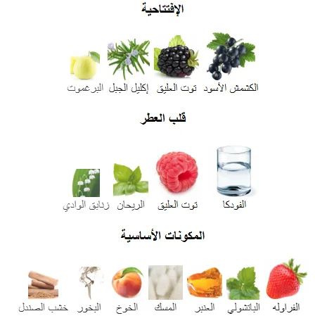 الافتتاحية: انطلاقة منعشة وحمضية من البرغموت، الكشمش الأسود، وتوت العليق مع لمسة عشبية من إكليل الجبل.
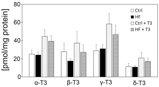 T3s have neuroprotective effects in vivo [] and in vitro [,]. To clarify the effects of T3s on the brains of HF-treated mice, we measured VE contents in the serum and different brain regions. We detected α- and γ-T3s in all samples, and the levels of VE did not significantly differ between all samples (Figure 5). Previously, we confirmed that α- and γ-T3 levels tended to increase in the livers of T3s-treated mice (Figure 7). These results and our previous data indicate that T3s may not reach the brain. However, VE has been shown to improve liver function in conditions such as non-alcoholic steatohepatitis []. Thus, the anti-obesity effect of T3s may be related to improvements in liver function.
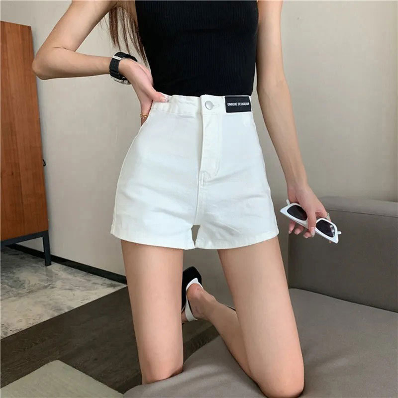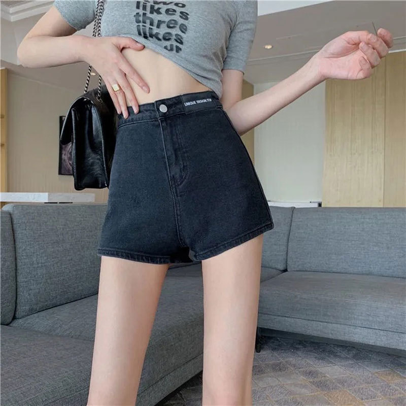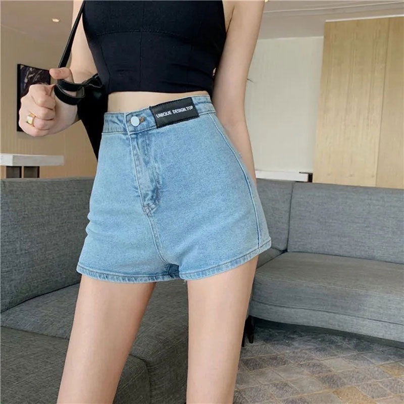 스트레치 데님 반바지 여성용 Ins 스타일 순수 스트레이트 튜브 라벨링 높은 허리베이스 슬림 핏 엉덩이 핫 바지
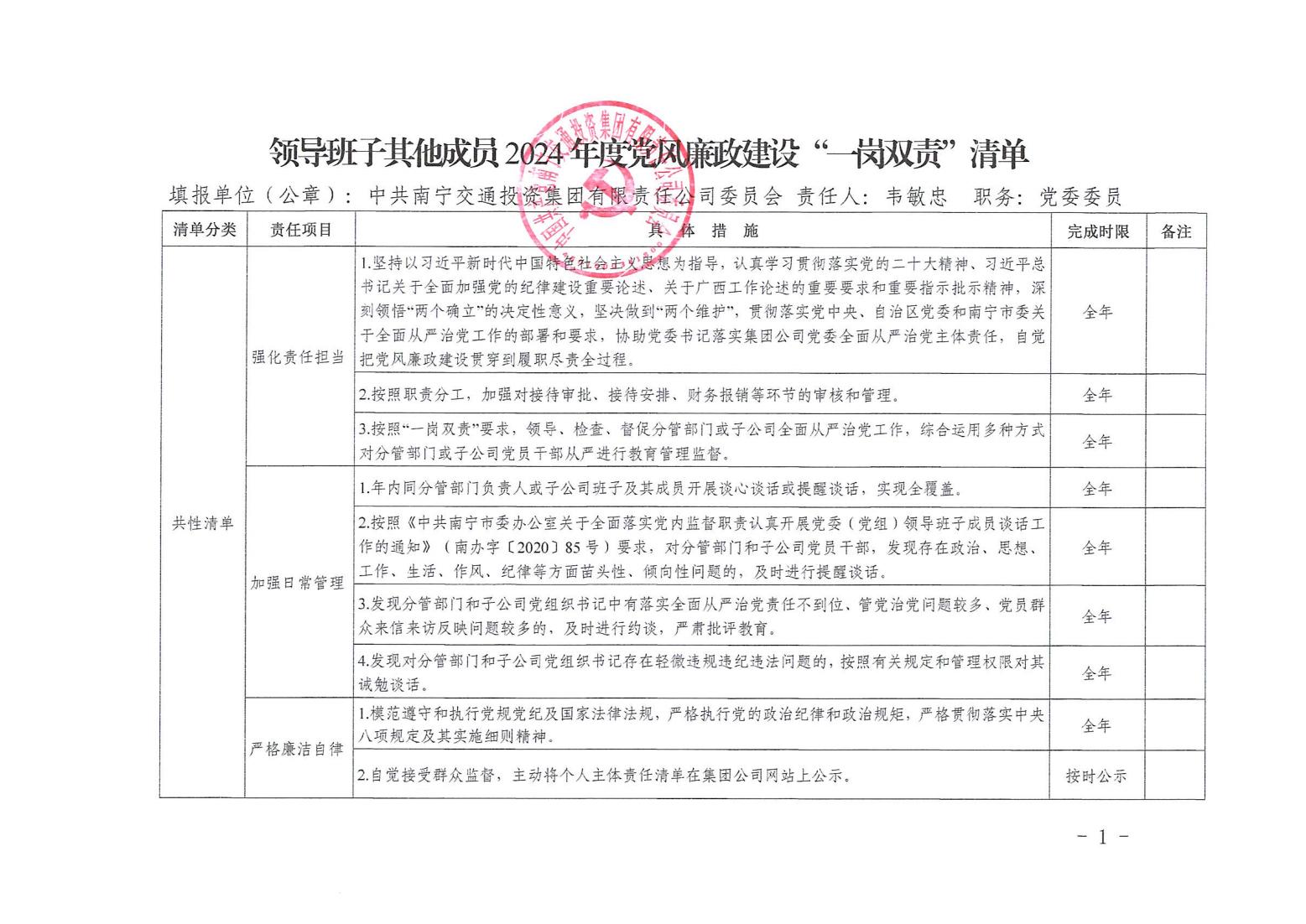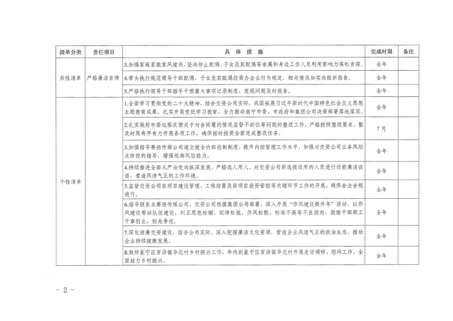 领导班子其他成员2024年度党风廉政建设“一岗双责”清单(七)

* **REQUIRED WORK**:
Print the data above in full and exactly as it appears, skipping the pictures.

* **COMPLETED TASK**:
 الافتتاحية: انطلاقة منعشة وحمضية من البرغموت، الكشمش الأسود، وتوت العليق مع لمسة عشبية من إكليل الجبل.
 T3s have neuroprotective effects in vivo [] and in vitro [,]. To clarify the effects of T3s on the brains of HF-treated mice, we measured VE contents in the serum and different brain regions. We detected α- and γ-T3s in all samples, and the levels of VE did not significantly differ between all samples (Figure 5). Previously, we confirmed that α- and γ-T3 levels tended to increase in the livers of T3s-treated mice (Figure 7). These results and our previous data indicate that T3s may not reach the brain. However, VE has been shown to improve liver function in conditions such as non-alcoholic steatohepatitis []. Thus, the anti-obesity effect of T3s may be related to improvements in liver function.
 스트레치 데님 반바지 여성용 Ins 스타일 순수 스트레이트 튜브 라벨링 높은 허리베이스 슬림 핏 엉덩이 핫 바지
 领导班子其他成员2024年度党风廉政建设“一岗双责”清单(七)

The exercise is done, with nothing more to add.